Where does the Jewish protest against racism begin?
It doesn’t start with the Jewish People’s long experience of exile. It commences even earlier, in a time almost before time itself, on the sixth day of creation, when God is understood to say ‘Let us make man in our image and according to our likeness’. (Genesis 1:26) ‘Man’ here is neither black nor white, neither Jewish nor non-Jewish, for no such divisions exist. All life is sacred and God is present in every human form. There is no person devoid of God’s image and whose existence does not reveal some unique, otherwise unapprehended aspect of God’s world. Nor is the word ‘man’ gender-specific, suggests the Talmud, for the first person was neither male nor female, but both.
The story is told of how Rabbi Elazar son of Rabbi Shimeon was returning home from his studies when he met a man described as ‘exceedingly ugly’. Proud of having learnt so much, he rudely failed to return the stranger’s greeting and called out instead, ‘Empty head, is everyone in your city as ugly as you?’ ‘Go’, said the man, ‘And tell the maker who fashioned me how ugly his works are!’ Instantly recognising his sin, Rabbi Elazar dismounted from his donkey and begged forgiveness. If only those who call Jews, Asians, Muslims, Africans or any one else ‘ugly’ would recognise as quickly that we are made in the same image and hurt in similar ways, and climb down from the easy haven of our racism, and apologise.

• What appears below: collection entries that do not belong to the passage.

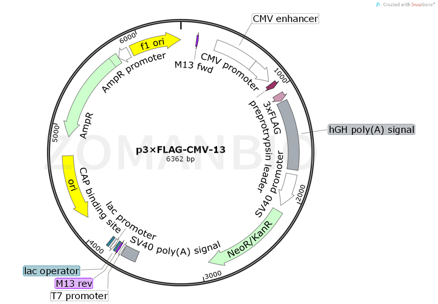 The p3XFLAG-CMV-13 Expression Vector is a 6.3kb derivative of pCMV5 used to establish expression of transient or unstable C-terminal 3XFLAG fusion proteins in mammalian cells. The vector encodes three adjacent FLAG epitopes (Asp-Tyr-Lys-Xaa-Xaa-Asp) downstream of the multiple cloning region. This results in increased detection sensitivity using ANTI-FLAG M2 antibody. The promoter-regulatory region of the human cytomegalovirus drives transcription of FLAG-fusion constructs. The preprotrypsin leader sequence precedes the FLAG sequence. The aminoglycoside phosphotransferase II gene (Neo) confers resistance to aminoglycosides such as G 418, allowing for selection of stable transfectants. p3XFLAG-CMV-13 Expression Vector is a shuttle vector for E. coli and mammalian cells. Efficiency of replication and genomic integration is optimal when using an SV40 T antigen-expressing host, such as COS cells.
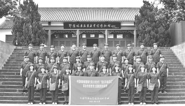 本报讯(记者 韩志刚 通讯员 郭哲一 文/图)为落实党史学习教育工作的实施方案,市分行党委于2021年6月8日至6月11日在信阳大别山组织举办以学习党的光荣历史,传承弘扬长征精神为目的的“我们不会忘记”革命传统教育主题实践活动培训班,各党支部书记、纪检委员、市分行各部门正副职等35名党员参加了此次培训班(如图)。
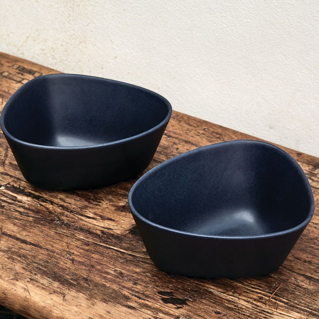 Servirna skleda KRIVLJINA 22 cm, temno modra modra, kamnita posoda, LIND DNA

‘You shall love the stranger like your own self, for you were strangers in the Land of Egypt’, teaches the Torah (Leviticus 19:24). Rabbi Natan comments sharply, ‘Don’t lay your own blemish upon others’. Is it really a blot or blemish to be a stranger? One would have hoped not. But Rabbi Natan is reflecting on the already long Jewish experience of marginalisation and dispossession, on the slave-market and the overseer’s whip. He knows. Had he written not in the 2ndbut in the 20th century his comment would surely have been stronger.
Jews have long been, and continue to be, victims of what has been called ‘the oldest hate’. It therefore troubled me when a Muslim colleague asked for my help. The English Defence League have exploited the Israeli flag in anti-Islam rallies, co-opting the beautiful symbol of our hope and freedom and into a disgusting campaign. Purportedly Jewish bloggers have written virulent anti-Muslim poison. There is only one response: Not in Judaism’s name, which commands us to stand alongside anyone who is the victim of such hate.
I was pained, too, to read the words of Aliyana Traison, Deputy Editor of Haaretz, following vicious attacks on Africans in the South Tel Aviv where she lives: ‘The racism that has engulfed Israeli society cannot be ignored, lest we wish to destroy ourselves.’ She’s not afraid to live alone in her street, she continues, but ‘I am afraid…to live alone in a hateful society. I am afraid to live alone in a country where my government supports discrimination and racism.’ This, she adds, in a land created by refugees as a haven for those who know what that means.
And what is it like around the corner from us? I was pained also, but moved, to learn from members of our own community of how they struggled to prevent an NHS hospital from turning onto the sodden street a homeless asylum-seeker the day after her baby’s birth.
These issues define the living meaning of our Judaism. There’s none of us they don’t concern.